The Providential Guidance of God is seen throughout the continuation of the story, though mostly in hindsight, as Joseph is raised from the pit to become a trusted advisor, only to be cast down again and raised up again to become a viceroy of Egypt and save both his family and the Nation of Egypt from starvation. During this period, the Divine mission of the family and the Divine promise of the Homeland are pushed to the background as we are treated to episodes in the character development of Joseph and the brothers, who show glimmers of self-consciousness and conscience. Each of these episodes is crucial to the story but we will not analyze them, here. Instead, we will skip to the second book-end verse announcing the denouement of the Joseph/Brothers story and see just how it is obviously meant as a book-end to Genesis 37:4.
The second book-end verse appears two Torah portions later, in the third Aliyah of Parshat Vayigash, (Genesis 45:15,) which reads: “He (Joseph) then kissed all his brothers and wept upon them; and afterwards, his brothers conversed with him. The consequence of this is then described in the immediately following verse: “The voice (news) was heard in Pharaoh’s house, saying, Joseph’s brothers have come! And it found favor in Pharaoh’s eyes and in those of his servants.”
The Zohar (I:209a), here, comments that the reason for Joseph’s weeping was that he had a premonition of the two Batei Mikdash (Holy Temples) in Jerusalem (the City of Peace) that would be destroyed and so he mourned them. The comment is puzzling. What intrinsic connection could the destruction of the Temples have to the reconciliation of Joseph with his brothers, that would account for the premonition of their destruction to occur just then, and which would cause Joseph to weep over his brothers at this very moment?

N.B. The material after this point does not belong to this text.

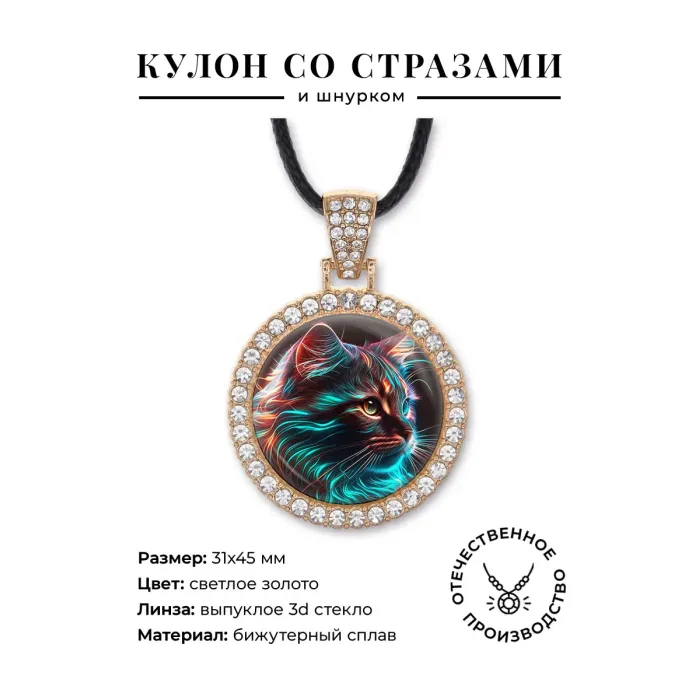 Кулон со стразами Неоновый кот, цвет светлое золото ALKS0128

I would venture the following: According to the Talmud, (Yoma 9b) the First Temple was destroyed due to three cardinal sins, Idol Worship, Forbidden Sexual Relations and Murder – all of which are supremely indicative of societal breakdown and the victory of enmity over empathy in the Jewish Tradition. The Second Temple was destroyed due to baseless hatred – a manifestation par excellence of fundamental familial and societal discord.
When Joseph had a premonition that this state of affairs, despite the reconciliation he and his brothers were just experiencing, was imprinted upon the future of the Jewish people, Joseph wept bitterly, according to the Zohar.
I would also suggest something else. It was the (albeit momentary) Unity that Joseph and his brothers experienced as a result of God’s Providence, combined with their own hard-earned character development as they began to understand, accept and actualize their unique Divine role and mission in the world was so remarkable that even Pharaoh and his entire household could not fail to be impressed and wish their presence as a permanent fixture in Egypt, as well.
I suggest that this fundamental message, among others, of the Torah Portions being read on the heels of October 7, 2023 and the seemingly miraculous Unity that enveloped the Jewish People across the globe, and especially in Israel, in the wake of that day’s events should be taken deeply to heart. It is a key and an opportunity to re-awaken to our national purpose, as well as the sine qua non for the survival of the Jewish Family/Nation and re-discovering the most durable remedy for the deepest ills of all Humankind.